--- MATERIAL PROVIDED ---
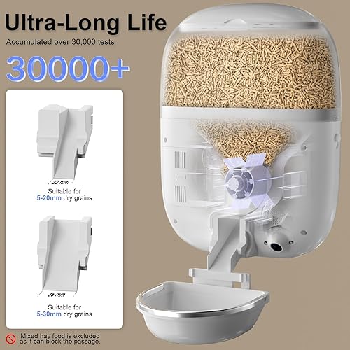 Large Capacity & Anti-Jam Design: Equipped with a 62oz food storage bin and dual outlet ports, Small outlet for 5-20mm pet food and large outlet for 5-30mm pet food. Anti-jam mechanics reduce malfunction risks, while the chew-resistant stainless-steel bowl and sealed desiccant box keep food fresh. Ideal as an automatic feeder for rabbits, guinea pigs, small dogs, birds, and more
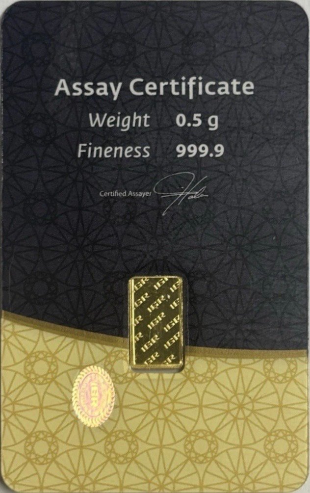 IGR Gold Bar .5 gram 1/2 Gram Gold Refinery - 999.9 Fine Sealed Assay quantity
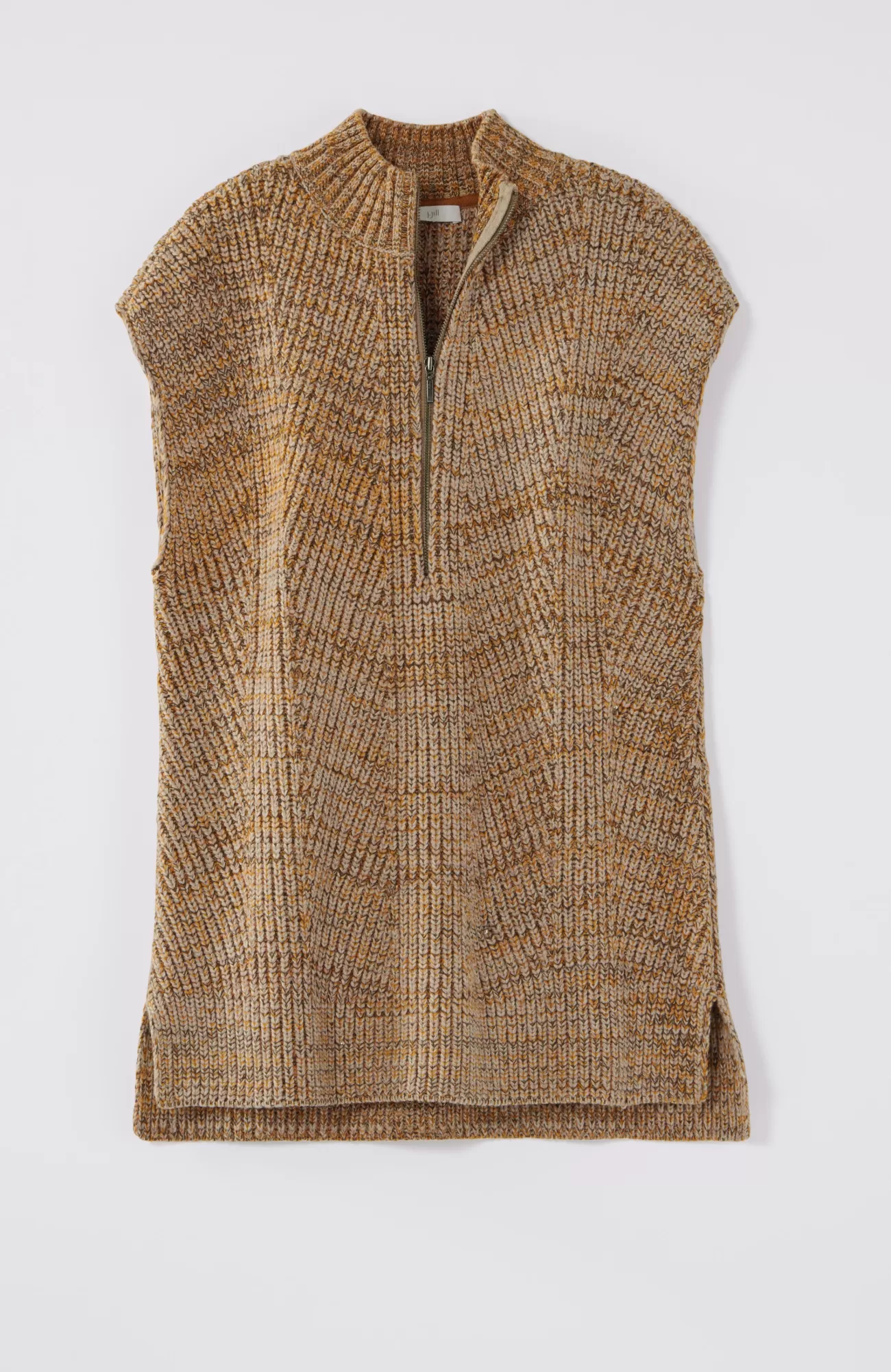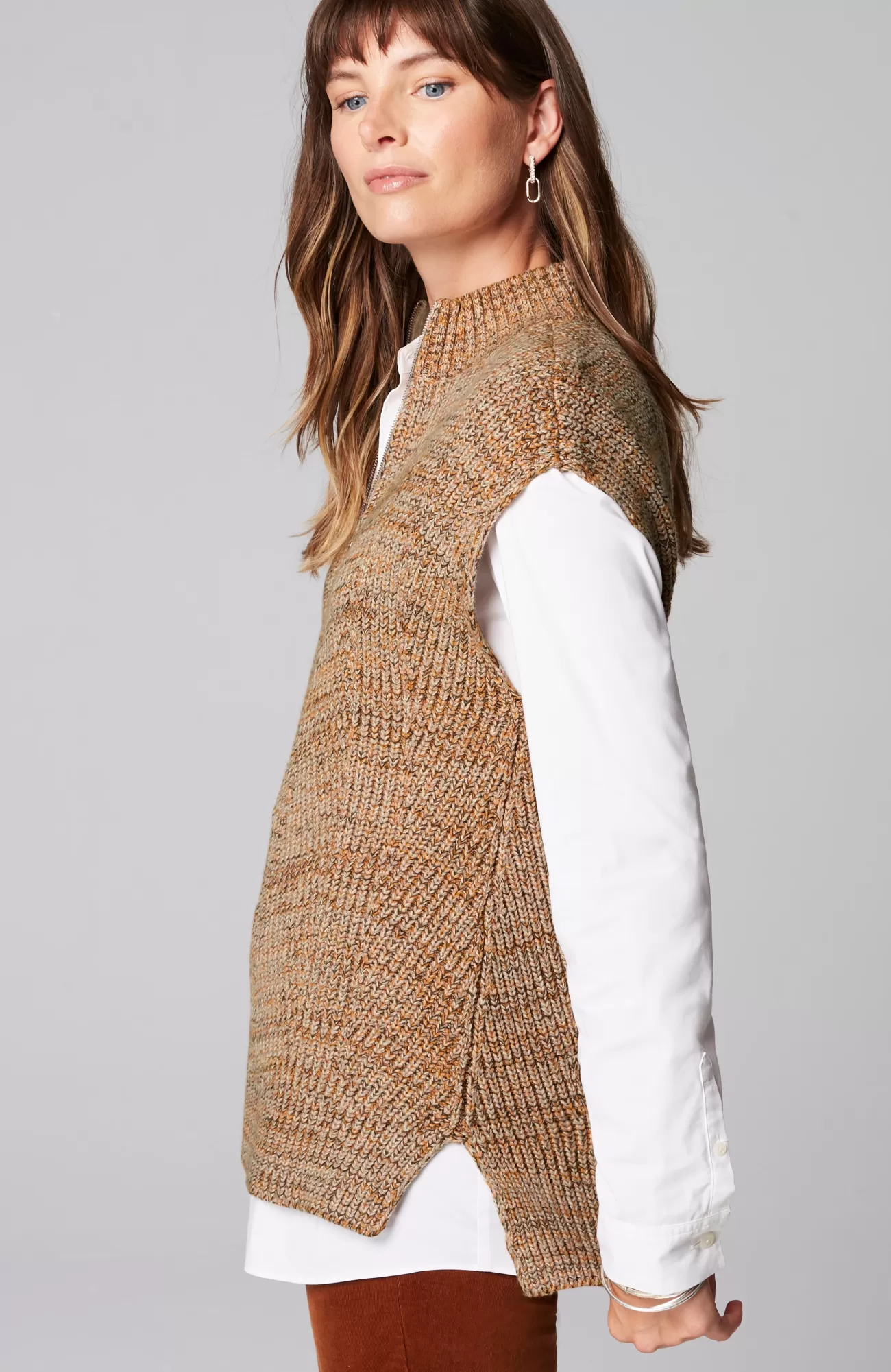 Our stand-collar sweater-vest adds instant dimension to any fall look. Soft, cotton-rich marled yarns create the chunky rib knit, and the half zipper along the front makes it a snap to style this piece solo or wear as a layer. Side vents.
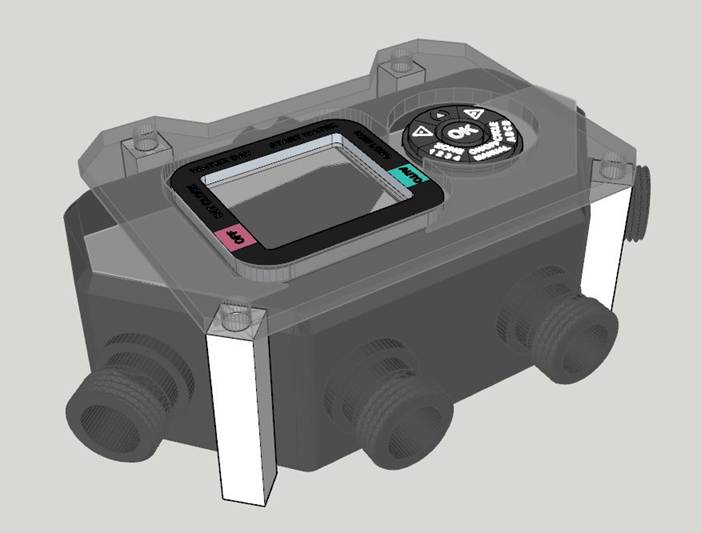 That’s what led me down this path to design a bracket to hold these oddly-shaped timers. In order to do that, I first had to 3D model the timer itself from scratch. Once that was done, I could design the plexiglass “faceplate” in place on the model. In addition, I made 4 standoffs which are .5” square and tapped them at each end.

--- EXERCISE BRIEF ---
Would you reproduce the lines above, from the very first through the line containing "Our stand-collar sweater-vest", exactly and without the pictures?

--- RESULT ---
 Large Capacity & Anti-Jam Design: Equipped with a 62oz food storage bin and dual outlet ports, Small outlet for 5-20mm pet food and large outlet for 5-30mm pet food. Anti-jam mechanics reduce malfunction risks, while the chew-resistant stainless-steel bowl and sealed desiccant box keep food fresh. Ideal as an automatic feeder for rabbits, guinea pigs, small dogs, birds, and more
 IGR Gold Bar .5 gram 1/2 Gram Gold Refinery - 999.9 Fine Sealed Assay quantity
 Our stand-collar sweater-vest adds instant dimension to any fall look. Soft, cotton-rich marled yarns create the chunky rib knit, and the half zipper along the front makes it a snap to style this piece solo or wear as a layer. Side vents.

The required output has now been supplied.